Tellingly, Chapman's cover has already gotten high praise from at least one famous peer.

"It's a gift and a blessing that the Tall Girl has put a fresh frame around nine songs that none of us should have to live without," adds Rodney Crowell in a press release. "And there's the added value of Her sermon at the end of 'He's Got the Whole World in His Hands' quite possibly halting the spread of COVID-19."

Chapman is known to both country and rock audiences as a gifted singer-songwriter and the author of Goodbye, Little Rock and Roller (St. Martin's Press, 2003) and They Came to Nashville (Vanderbilt University Press, 2010).
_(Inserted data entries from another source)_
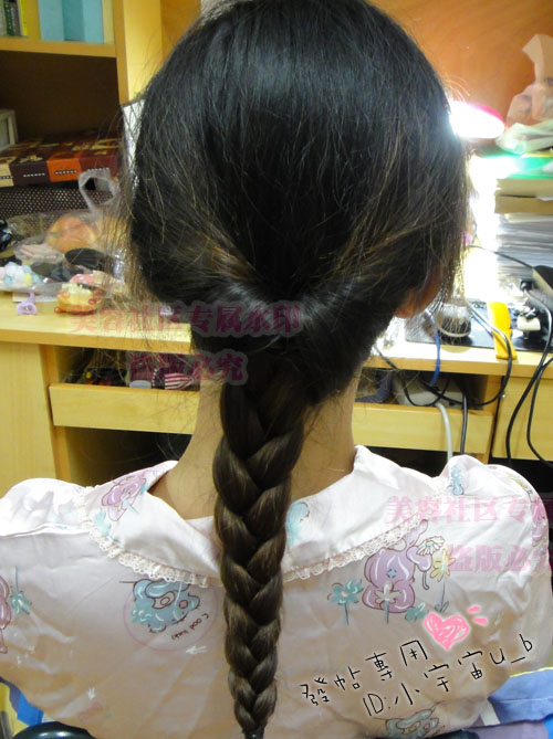 第二步:马尾抽出来之后,将其辫三股麻花辫.尾部用黑色皮筋固定.
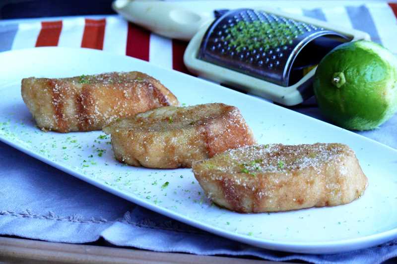 En este punto ya tenemos nuestras torrijas con leche de coco jengibre y lima listas, si nos venimos arriba, nos quedan ganas y sobra tiempo, podemos preparar un galseado de lima para decorar y acompañar a nuestra rebanadita de pan.
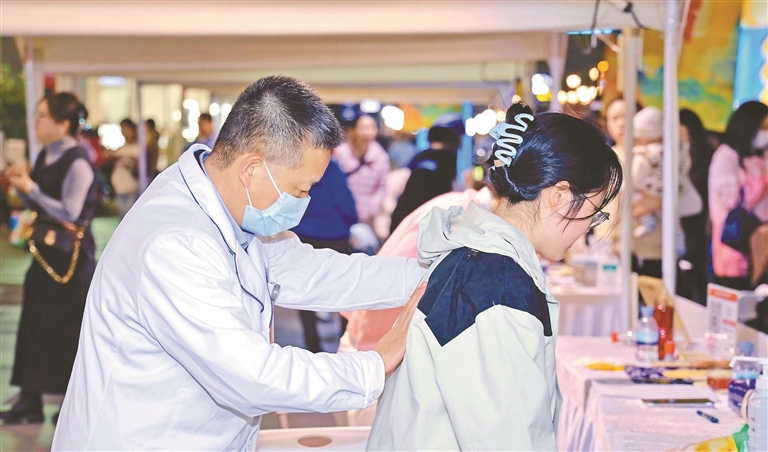互动区里欢声笑语不断,投壶赢治疗券、药材盲猜赢香囊等游戏让市民在玩乐中学习中医知识。一位小朋友举着刚完成的山楂核书签自豪地说:“医生教我认了枸杞和菊花,以后我要提醒爸爸少喝酒,多喝养生茶。”诊疗区的医生们耐心细致,为市民讲解体质辨识结果,不少上班族特意赶来体验肩颈推拿,直呼“比去医院方便多了,还能学到实用养生技巧”。
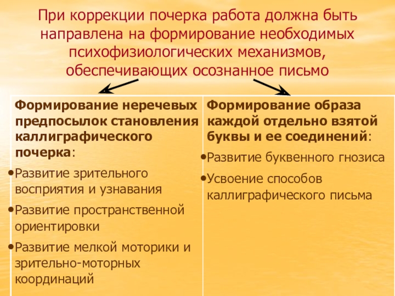 Слайд 8При коррекции почерка работа должна быть направлена на формирование необходимых психофизиологических

The Spartanburg, South Carolina native became one of Nashville's great songwriter rebels in the '70's as both the solo artist behind Epic Records release Jaded Virgin (1978) and other albums plus songs cut by mainstream stars, including Olivia Newton-John's "I Think I'll Say Goodbye," Jessi Colter's "A Woman's Heart (Is a Handy Place to Be)," Tanya Tucker's "You Can't Run From Yourself," John Hiatt's "Old Habit are Hard to Break," Emmylou Harris' "Better Off Without You," Joe Cocker's "Just to Keep From Drowning," the often-covered "Somewhere South of Macon," "Last Mango in Paris" and other Jimmy Buffett standards and the No. 1 Sawyer Brown hit "Betty's Bein' Bad."

Read More: The 10 Best Sawyer Brown Songs, Ranked

She's also a frequent collaborator of another prolific songwriting talent, Matraca Berg. The pair contributed songs to Good Ol' Girls, an off-broadway country musical about the lives of Lee Smith and Jill McCorkle.

Like her childhood idol Elvis Presley, Chapman has often sprinkled gospel music into her catalog. She's credited with The Lewis Family's "Livin' in the Name of Love" and Russ Taff's "Take My Hand."